How Long Do They Last?
Hard inquiries stay on your report for 2 years. But FICO only factors them into your score for the first 12 months. After that, they still appear on your report but are invisible to scoring calculations.
Why It Matters for Credit Repair
Unauthorized hard inquiries are a legitimate dispute target. Under the FCRA, a creditor can only access your credit report if you authorized it or if they have another permissible purpose (like reviewing an existing account or a pre-screening for firm offers of credit). If an inquiry appears that you don't recognize — especially if it might be linked to identity theft or a company that pulled your report without your authorization — you have the right to dispute it.
The process: identify the inquiry on your report, contact the creditor directly to ask when and why they pulled your report, and if they can't establish your authorization, dispute it with the bureau citing FCRA Section 604 (permissible purpose requirements).
What Most People Get Wrong
- Myth: Checking your own credit hurts your score. Checking your own credit is always a soft inquiry. It has zero impact on your score. Do it as often as you want.
- Myth: Multiple inquiries always hurt significantly. One or two inquiries have minimal impact. The concern is a pattern of many applications in a short period, which signals financial stress to lenders.

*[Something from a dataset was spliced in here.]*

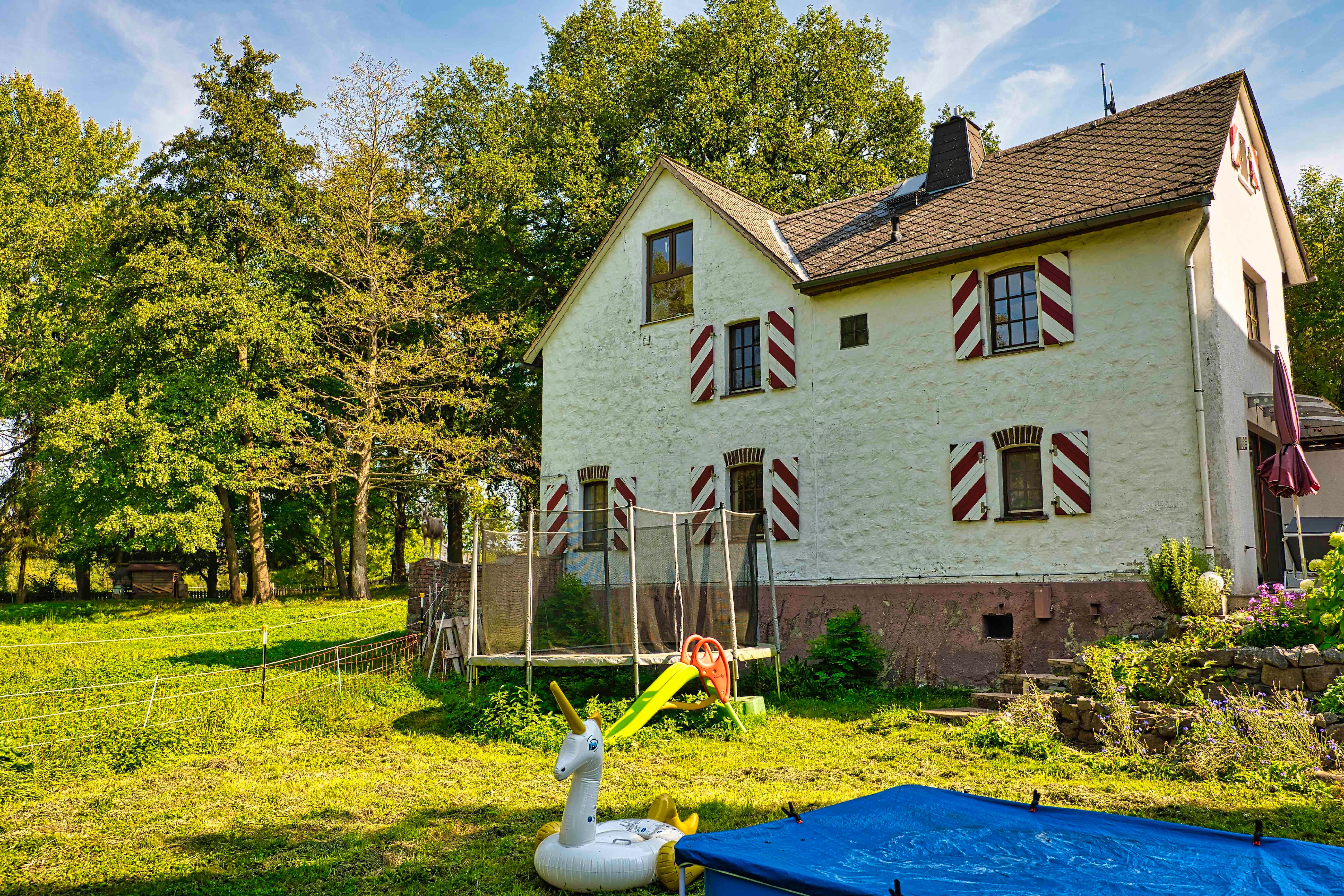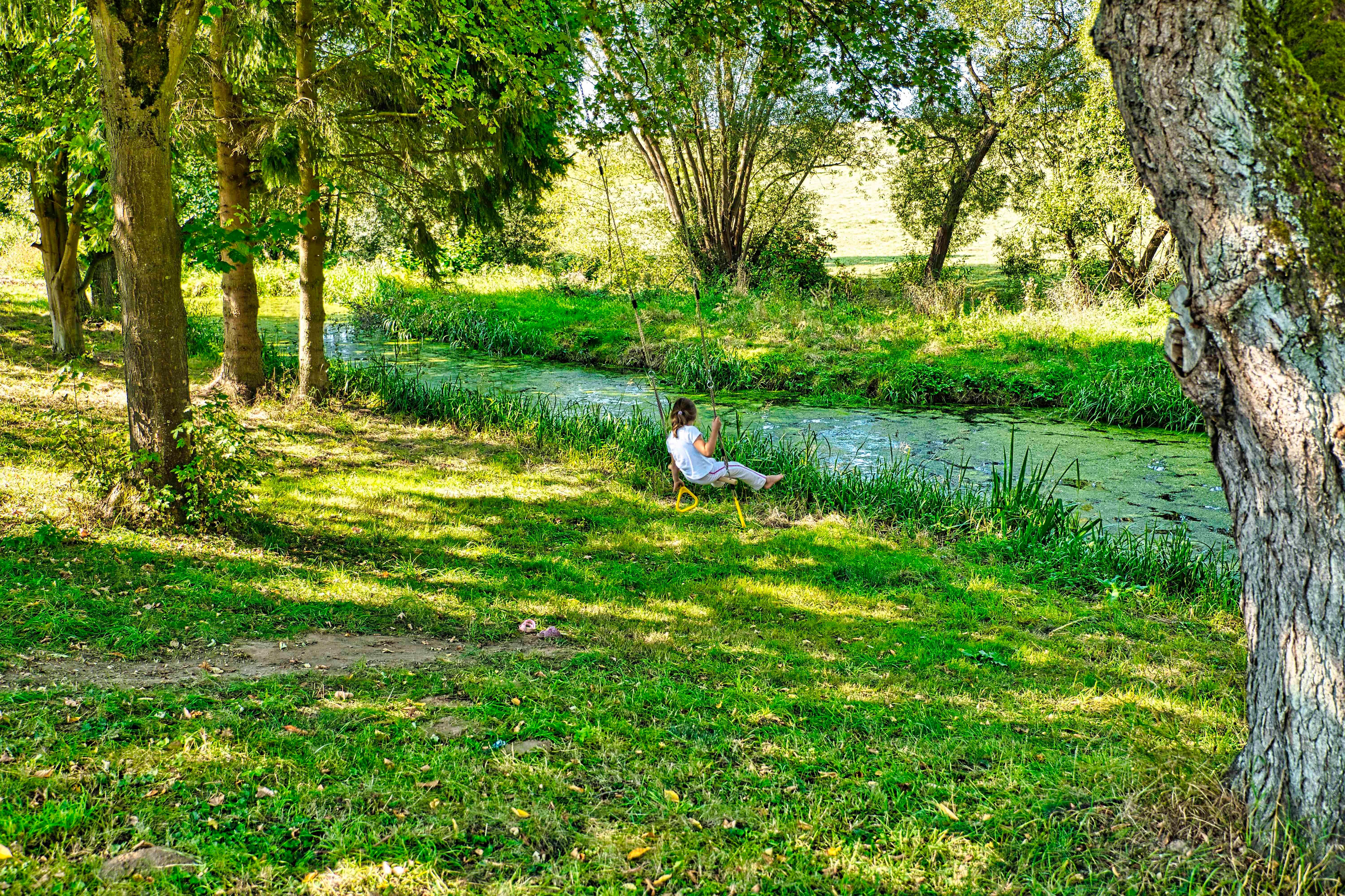 Parking spaces are available directly next to the apartment. The use of the large trampoline, a rowing boat for the mill pond, and the long tree swing is, of course, free of charge.

- Myth: You can't dispute hard inquiries. You absolutely can dispute unauthorized ones. What you can't dispute is a legitimate hard pull you actually authorized — even if you then decided not to take the credit.
Jess's Take
people stress about inquiries way more than they should. a single hard pull is almost nothing. what actually moves the needle is payment history and balances. that said — if you see inquiries you don't recognize, dispute them. unauthorized pulls are an FCRA violation and they come off.